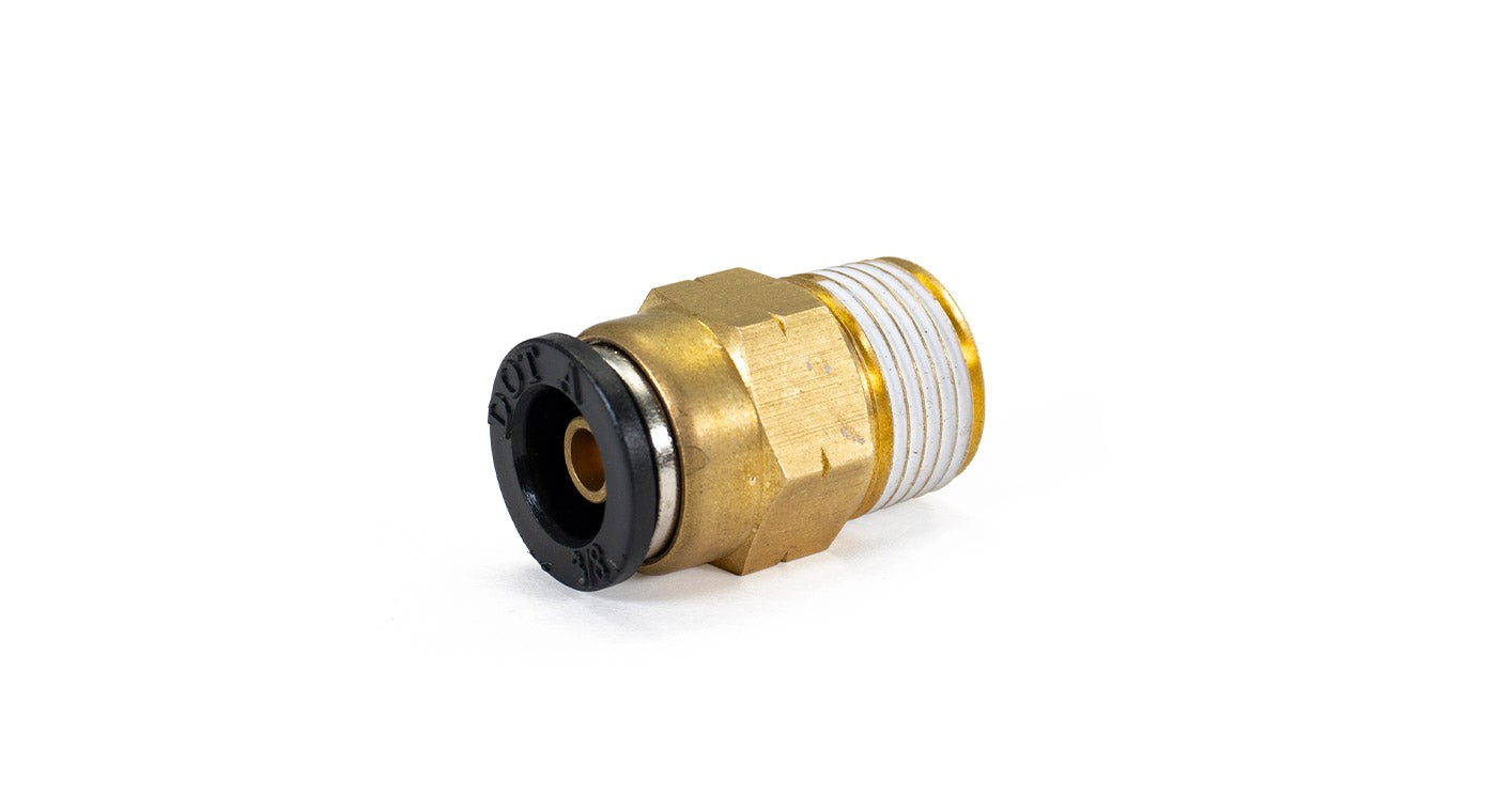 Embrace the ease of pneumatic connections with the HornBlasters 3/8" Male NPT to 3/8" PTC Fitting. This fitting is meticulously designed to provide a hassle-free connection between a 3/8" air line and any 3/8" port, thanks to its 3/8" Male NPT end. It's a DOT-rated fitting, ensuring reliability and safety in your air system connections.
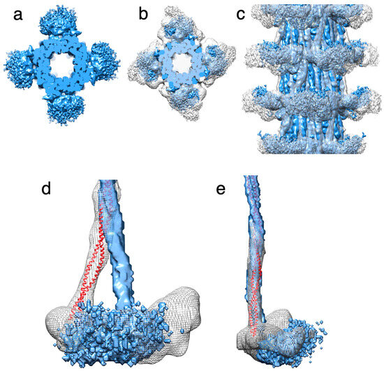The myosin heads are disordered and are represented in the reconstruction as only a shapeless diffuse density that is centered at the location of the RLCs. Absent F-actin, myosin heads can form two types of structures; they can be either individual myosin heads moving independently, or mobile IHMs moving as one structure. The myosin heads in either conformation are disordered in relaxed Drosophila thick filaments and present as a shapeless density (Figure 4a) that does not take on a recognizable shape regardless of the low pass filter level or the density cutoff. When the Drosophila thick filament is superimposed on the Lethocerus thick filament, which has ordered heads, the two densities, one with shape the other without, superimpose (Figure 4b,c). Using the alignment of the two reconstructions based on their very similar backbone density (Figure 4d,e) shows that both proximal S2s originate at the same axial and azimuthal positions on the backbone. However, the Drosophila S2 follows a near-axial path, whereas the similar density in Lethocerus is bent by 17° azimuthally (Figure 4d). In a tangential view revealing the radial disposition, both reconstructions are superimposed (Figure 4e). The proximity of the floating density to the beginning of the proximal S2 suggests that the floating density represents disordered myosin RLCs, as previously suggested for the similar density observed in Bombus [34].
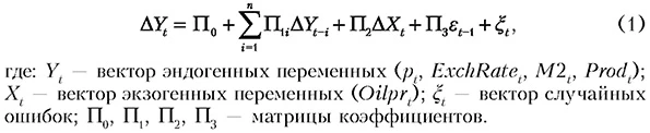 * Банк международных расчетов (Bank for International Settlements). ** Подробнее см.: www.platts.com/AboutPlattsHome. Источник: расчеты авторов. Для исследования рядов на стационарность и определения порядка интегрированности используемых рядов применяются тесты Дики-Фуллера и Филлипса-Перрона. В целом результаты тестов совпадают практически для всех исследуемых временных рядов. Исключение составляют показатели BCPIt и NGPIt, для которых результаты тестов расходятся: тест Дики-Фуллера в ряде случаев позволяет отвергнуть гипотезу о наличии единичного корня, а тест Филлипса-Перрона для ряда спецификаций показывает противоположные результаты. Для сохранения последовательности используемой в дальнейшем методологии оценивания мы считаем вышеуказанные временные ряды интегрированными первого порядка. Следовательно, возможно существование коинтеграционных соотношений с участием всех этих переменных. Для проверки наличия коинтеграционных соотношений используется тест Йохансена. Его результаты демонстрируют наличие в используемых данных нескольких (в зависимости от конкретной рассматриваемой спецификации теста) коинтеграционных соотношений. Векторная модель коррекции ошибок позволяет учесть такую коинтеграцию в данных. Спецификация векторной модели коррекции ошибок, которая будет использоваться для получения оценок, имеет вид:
-*-*-
Please return the full listing exactly as given, with the images left out.

 Embrace the ease of pneumatic connections with the HornBlasters 3/8" Male NPT to 3/8" PTC Fitting. This fitting is meticulously designed to provide a hassle-free connection between a 3/8" air line and any 3/8" port, thanks to its 3/8" Male NPT end. It's a DOT-rated fitting, ensuring reliability and safety in your air system connections.
The myosin heads are disordered and are represented in the reconstruction as only a shapeless diffuse density that is centered at the location of the RLCs. Absent F-actin, myosin heads can form two types of structures; they can be either individual myosin heads moving independently, or mobile IHMs moving as one structure. The myosin heads in either conformation are disordered in relaxed Drosophila thick filaments and present as a shapeless density (Figure 4a) that does not take on a recognizable shape regardless of the low pass filter level or the density cutoff. When the Drosophila thick filament is superimposed on the Lethocerus thick filament, which has ordered heads, the two densities, one with shape the other without, superimpose (Figure 4b,c). Using the alignment of the two reconstructions based on their very similar backbone density (Figure 4d,e) shows that both proximal S2s originate at the same axial and azimuthal positions on the backbone. However, the Drosophila S2 follows a near-axial path, whereas the similar density in Lethocerus is bent by 17° azimuthally (Figure 4d). In a tangential view revealing the radial disposition, both reconstructions are superimposed (Figure 4e). The proximity of the floating density to the beginning of the proximal S2 suggests that the floating density represents disordered myosin RLCs, as previously suggested for the similar density observed in Bombus [34].
 * Банк международных расчетов (Bank for International Settlements). ** Подробнее см.: www.platts.com/AboutPlattsHome. Источник: расчеты авторов. Для исследования рядов на стационарность и определения порядка интегрированности используемых рядов применяются тесты Дики-Фуллера и Филлипса-Перрона. В целом результаты тестов совпадают практически для всех исследуемых временных рядов. Исключение составляют показатели BCPIt и NGPIt, для которых результаты тестов расходятся: тест Дики-Фуллера в ряде случаев позволяет отвергнуть гипотезу о наличии единичного корня, а тест Филлипса-Перрона для ряда спецификаций показывает противоположные результаты. Для сохранения последовательности используемой в дальнейшем методологии оценивания мы считаем вышеуказанные временные ряды интегрированными первого порядка. Следовательно, возможно существование коинтеграционных соотношений с участием всех этих переменных. Для проверки наличия коинтеграционных соотношений используется тест Йохансена. Его результаты демонстрируют наличие в используемых данных нескольких (в зависимости от конкретной рассматриваемой спецификации теста) коинтеграционных соотношений. Векторная модель коррекции ошибок позволяет учесть такую коинтеграцию в данных. Спецификация векторной модели коррекции ошибок, которая будет использоваться для получения оценок, имеет вид:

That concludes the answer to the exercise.